I am currently painting some orks that I chose to be a goff clan. But I have no idea where I should paint the armor black, or what to put before/after the black paint. Any suggestions/guides?


----------



## gwmaniac (Sep 1, 2008)

Well, you should probably paint bits of metal on the sides to show armor damage, as orks aren't known for keeping their stuff in good shape. I'll try get a linky for you, but the only advice I got right now is painting armor chippings on the edges using boltgun metal.


----------



## ghazghkull-killyork (Jun 15, 2008)

or paint checks on the shoulder pads


----------



## Waaghmaster (Dec 20, 2008)

Thanks, I'll add/consider these.


----------



## morfangdakka (Dec 31, 2006)

Oh man what is the horrible smell?

Oh its just someone asking about uke: *Goff's* that explains it.

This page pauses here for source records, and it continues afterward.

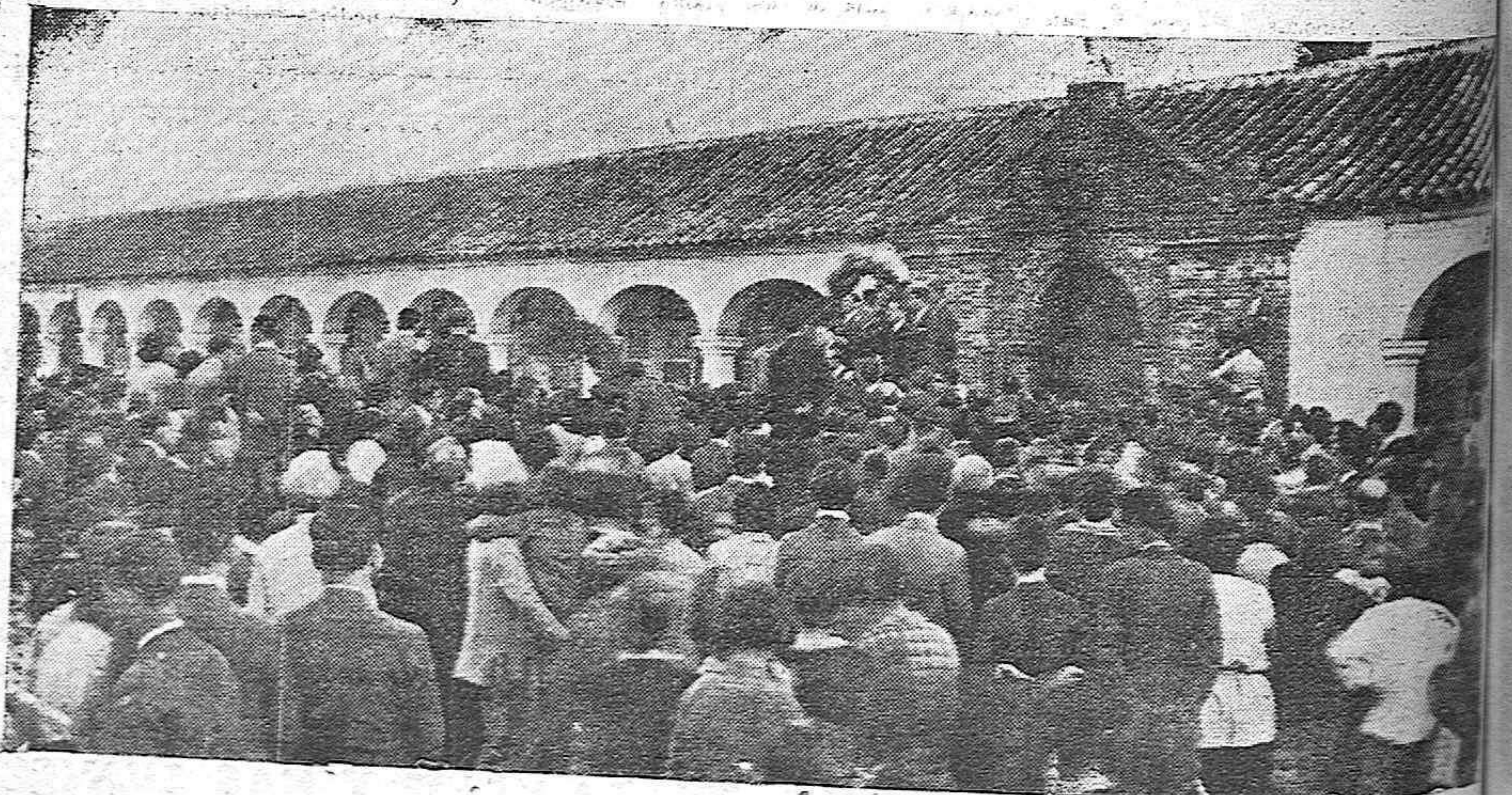
EL ENTIERRO DE JULIO ROMERO DE TORRES. — MOMENTOS DE DAR SEPULTURA AL CADÁVER EN EL CEMENTERIO DE SAN RAFAEL.

GANGA: percales preciosos, desde 7 pesetas metro, y telas para batas, desde 1 pesetas metro, en El Metro y sus Sucursales.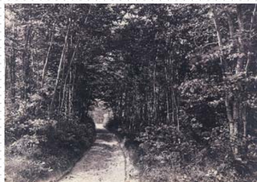
➔ El paisaje, protagonista El bosque de Marly (1871) de Camille Pissarro, y Sendero en el bosque, (1850-1860) de Eugène Cuvelier.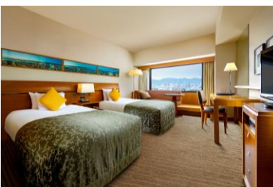
専用ラウンジを備えた本館エグゼクティブフロア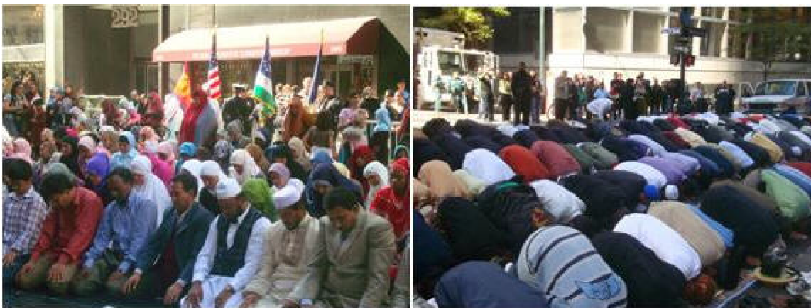
New York City on Madison Avenue Photo @ 2010 Friday afternoon in several locations throughout NYC where there are mosques with a large number of Muslims that cannot fit into the mosque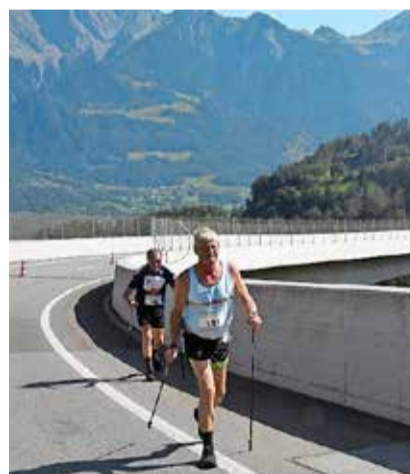
Leiden auf der Brücke: Der Brückenlauf fordert den Teilnehmenden alles ab.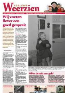
Nr 23: Communicatiemiddelen

In 2025, de zevende jaargang van Zeeuws Weerzien, is de herinneringskrant viermaal verschenen: in januari, april, juli en oktober. Voor het eerst is geen editie in december, maar in januari uitgebracht. Dit omdat de krant in december op veel afhaalpunten niet lang genoeg beschikbaar bleef doordat met name winkels en bedrijven in deze maand ruimte nodig hebben voor displaymateriaal voor de feestdagen.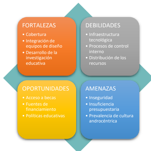
Figura 3. Matriz FODA.

La comunidad universitaria ha analizado y reflexionado los logros del cumplimiento de las metas del POA 2022, además se problematizaron las fortalezas, debilidades, necesidades y los retos de cada una de las Unidades, Subsedes y Extensiones, desde la perspectiva de los actores involucrados en los procesos académicos y administrativos. En la siguiente figura se muestra el análisis FODA para la UPES.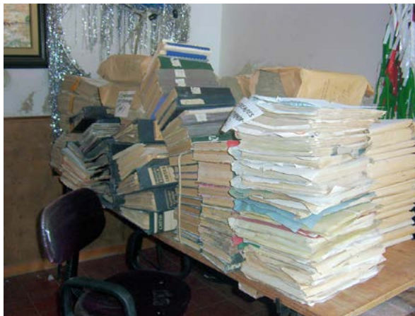
Antes del proceso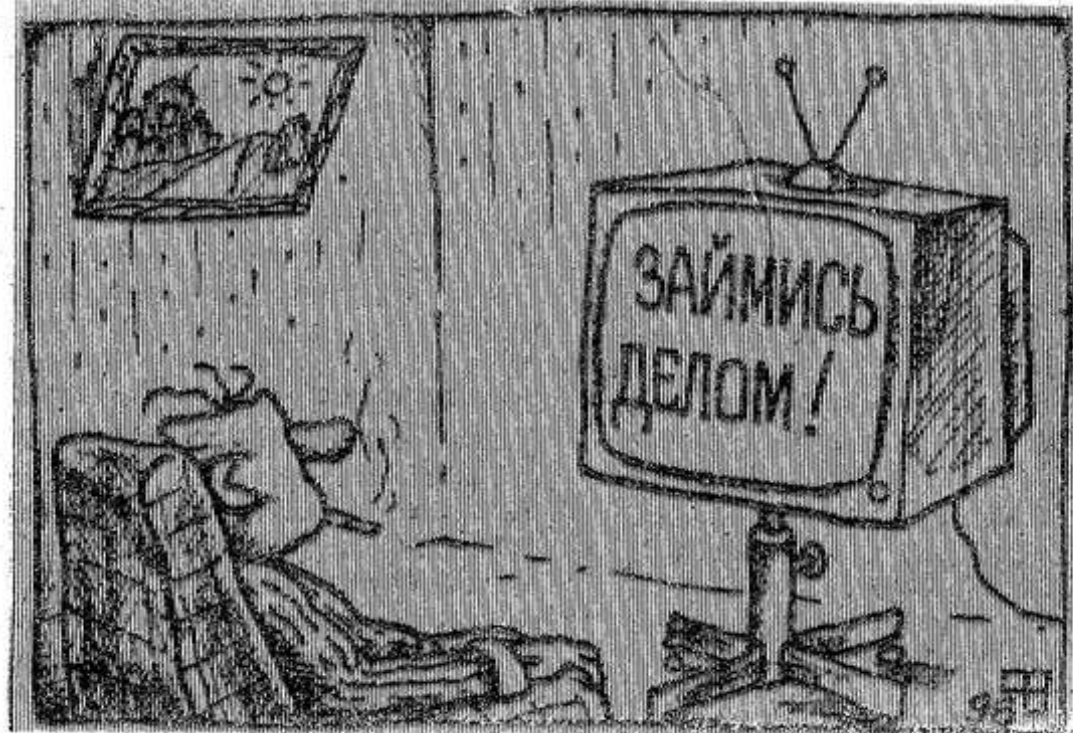
Рис. В. Фёдорова.

В результате катастрофы самолета ИЛ-76, произошедшей недалеко от аэропорта Абакан, погибли 23 человека. Самолет врезался в склон горы на берегу Енисея. Самолет имел на борту 30 тонн груза для жителей дальнего восточного региона.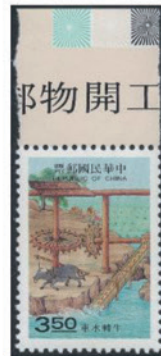
中華民国(台湾) 1995年 3.50ドル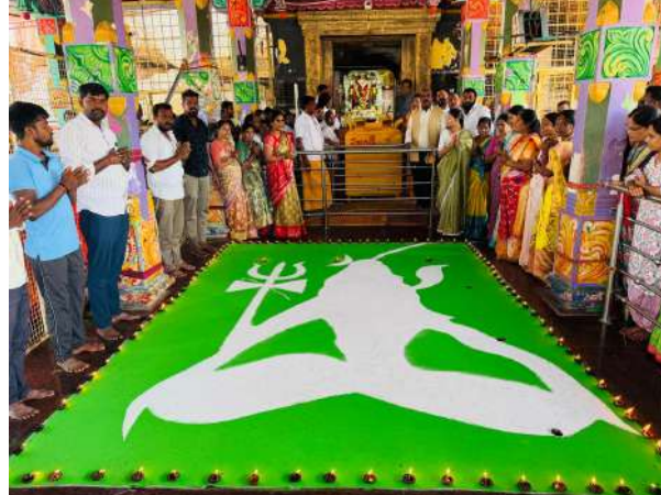
దర్శించుకొని ఒడిబియ్యం, కొబ్బరికాయలు సమర్పించి మొక్కులను తీర్చుకున్నారు.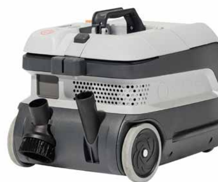
Benutzerfreundliches und leicht erreichbares Zubehör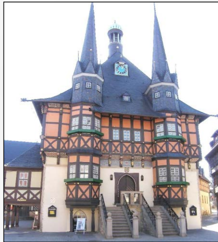
500-jähriges Rathaus (ca. 15 min entfernt)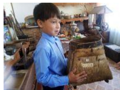
Рис. 3-5 Урок русского языка «Язык и человек»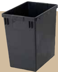
Behållare 29 liter. Art.nr 8096 000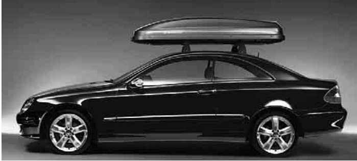
◀ Grundträger Alustyle, Mercedes-Benz Dachbox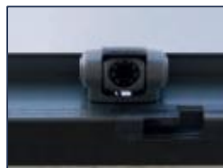
Caméra de recul

*Dimensions à titre informatif, non contractuelles, pouvant évoluer selon la configuration du véhicule. Tolérances ±3%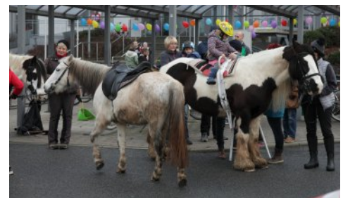
Auch die Pferde waren heiß begehrt.

2019 erwartet das Orga-Team dann ein ganz besonderes Jahr: die Familien- und Vereinsmesse feiert ihr zehnjähriges Jubiläum.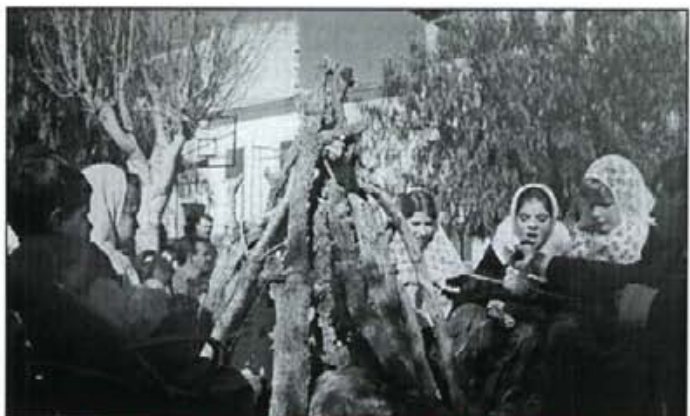
Els nins també cantaren gloses a Sant Antoni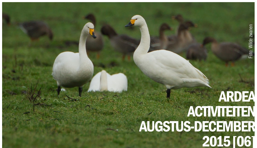
Foto: Wilde zwanen

ARDEA ACTIVITEITEN AUGUSTUS-DECEMBER 2015 [06]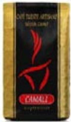
Tueste Artesano Gourmet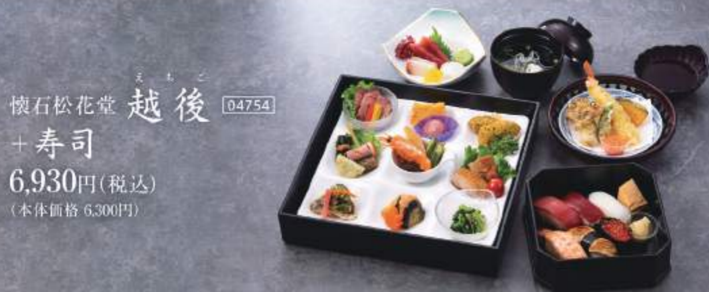
懐石松花堂 えちご 越後 04754 + 寿司 6,930円(税込) (本体価格 6,300円)

The Goff klan is GW's poster boyz for the orks so for reference you can look at any of the new cover art work like the new boyz and Nobs boxes come right to mind they are all painted in Goff markings. Additionally you can look at other klans and anywhere they have that color red for Evil Suns or Blue for Deathskullz:good:you can put black. Black and white checks are what the klan is known for so a good amount of those is always helpful.

Most people will paint an earth tone like brown or green to the pants and shirts of the ork to make the black on the armor stand out more. I have seen some that use a white or bleached bone color on the clothing to make the black and the black and white checks really contrast. 

So hope this helps some.


----------